Journal of Neuro-Oncology 2/2019

Effect of health disparities on overall survival of patients with glioblastoma

Zeitschrift:
Journal of Neuro-Oncology > Ausgabe 2/2019
Autoren:
Jacob J. Mandel, Michael Youssef, Jooyeon Nam, Akash J. Patel, Ali Jalali, Ethan B. Ludmir, Diane Liu, Jimin Wu, Georgina Armstrong, Jason Huse, Melissa Bondy, John F. de Groot
Wichtige Hinweise

Publisher’s Note

Springer Nature remains neutral with regard to jurisdictional claims in published maps and institutional affiliations.

Abstract

Background

Examine the potential effects of health disparities in survival of glioblastoma (GB) patients.

Methods

We conducted a retrospective chart review of newly diagnosed GB patients from 2000 to 2015 at a free standing dedicated cancer center (MD Anderson Cancer Center—MDACC) and a safety net county hospital (Ben Taub General Hospital—BT) located in Houston, Texas.

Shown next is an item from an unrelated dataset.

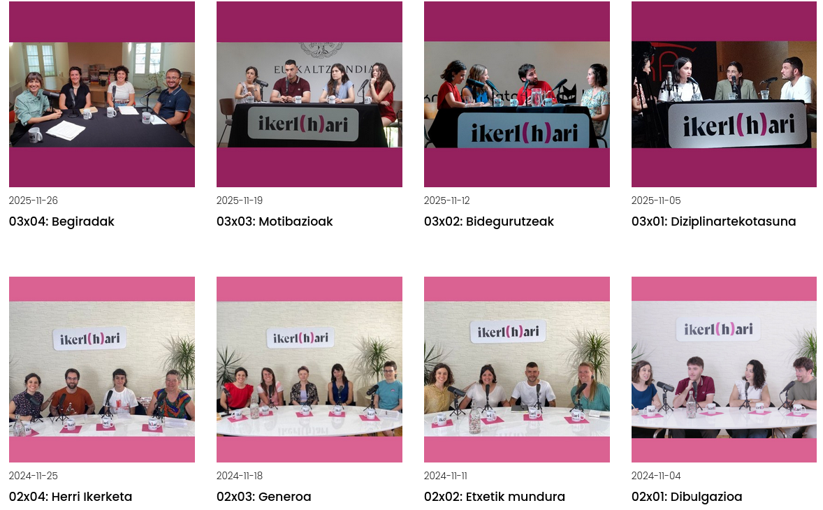 Euskal ikertzaile gazteei ahotsa emateko sortu dugun espazioa da ikerl(h)ari bideopodcasta. Ikergazteen kezkak mahaigainean jartzen ditugu ordubeteko saioetan.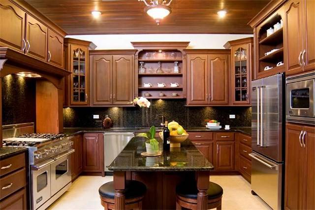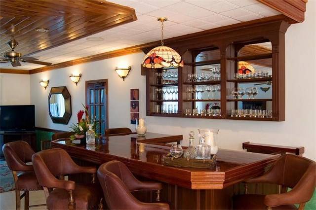 A private bathroom, dressing area and spacious walk-in closets complete the layout in both suites. The main kitchen is located on the western end of the top floor and was conceived for both the master and amateur chef. State of the art appliances, luxurious wooden cabinets and every conceivable convenience is available to create the finest gourmet meal or quick midnight snack. The ground floor is reserved for guest recreation. A charming and spacious recreation room features a vintage style wooden bar, multiple seating arrangements, a large flat screen plasma television and a classic Wurlitzer jukebox that evokes memories of days gone by. A computer station is set up with high speed internet connection.

We obtained demographics, insurance status, extent of resection, treatments, and other known prognostic variables (Karnofsky Score—KPS) to evaluate their role on overall GB survival (OS).

Results

We identified 1073 GB patients consisting of 177 from BT and 896 from MDACC. We found significant differences by ethnicity, insurance status, KPS at diagnosis, extent of resection, and percentage of patients receiving standard of care (SOC) between the two centers. OS was 1.64 years for MDACC patients and 1.24 years for BT patients (p < 0.0176). Only 81 (45.8%) BT patients received SOC compared to 577 (64%) of MDACC patients (p < 0.0001). However, there was no significant difference in OS for patients who received SOC, 1.84 years for MDACC patients and 1.99 years for BT patients (p < 0.4787). Of the 96 BT patients who did not receive SOC, 29 (30%) had KPS less than 70 at time of diagnosis and 77 (80%) lacked insurance.

Conclusions

GB patients treated at a safety net county hospital had similar OS compared to a free standing comprehensive cancer center when receiving SOC. County hospital patients had poorer KPS at diagnosis and were often lacking health insurance affecting their ability to receive SOC.